There are care homes, of course, and they are subject to inspection, and we must take it on trust that the inspection system has teeth, but would you know how to choose one? Would you know what questions to ask?
Would you know, if you suffer from Alzheimer’s disease or are representing someone who is, whether the place you would be choosing resorts to “peg feeding”?
Peg feeding is the forcible feeding of patients who refuse food. I found out about this only recently, and I’m afraid it has entirely coloured my views. These are, after all, innocent people who are on the road to death, and yet someone thinks it is right to subject them to this degrading and painful business.
The Alzheimer’s Society says peg feeding is “not best practice,” a rather diplomatic statement. People there that I trust tell me the main problem with the treatment of acute Alzheimer’s cases is not a lack of care and goodwill as such, but insufficient numbers of people who are skilled in the special needs of the terminally ill Alzheimer’s patient.
I am certain no one sets out to be cruel, but our treatment of the elderly ill seems to have no philosophy to it.
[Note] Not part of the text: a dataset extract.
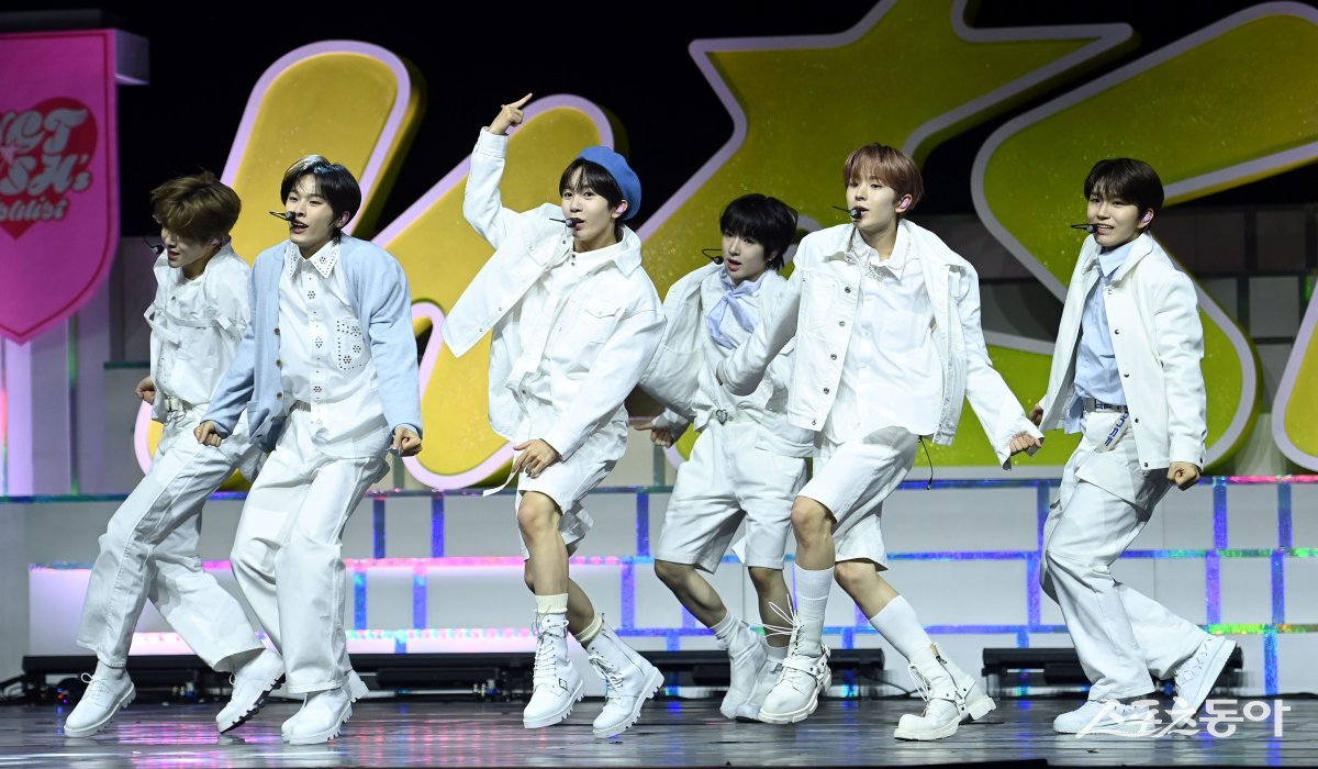 그룹 ‘엔시티 위시(NCT WISH) NCT WISH)’가 4일 서울 용산구 블루스퀘어 마스터카드홀에서 열린 데뷔 싱글 ‘WISH’ 발매 쇼케이스에서 화려한 무대를 펼치고 있다.

As a society, we should establish whether we have a policy of “life at any cost.” Apparently there is already such a thing as an official “quality of life index”; I don’t know whether the fact that we have one frightens me more than the possibility that we don’t.
In the first book of my Discworld series, published more than twenty-six years ago, I introduced Death as a character; there was nothing particularly new about this—death has featured in art and literature since medieval times, and for centuries we have had a fascination with the Grim Reaper.
But the Death of the Discworld is a little more unusual. He has become popular—after all, as he patiently explains, it is not he who kills. Guns and knives and starvation kill; Death turns up afterwards, to reassure the puzzled arrivals as they begin their journey.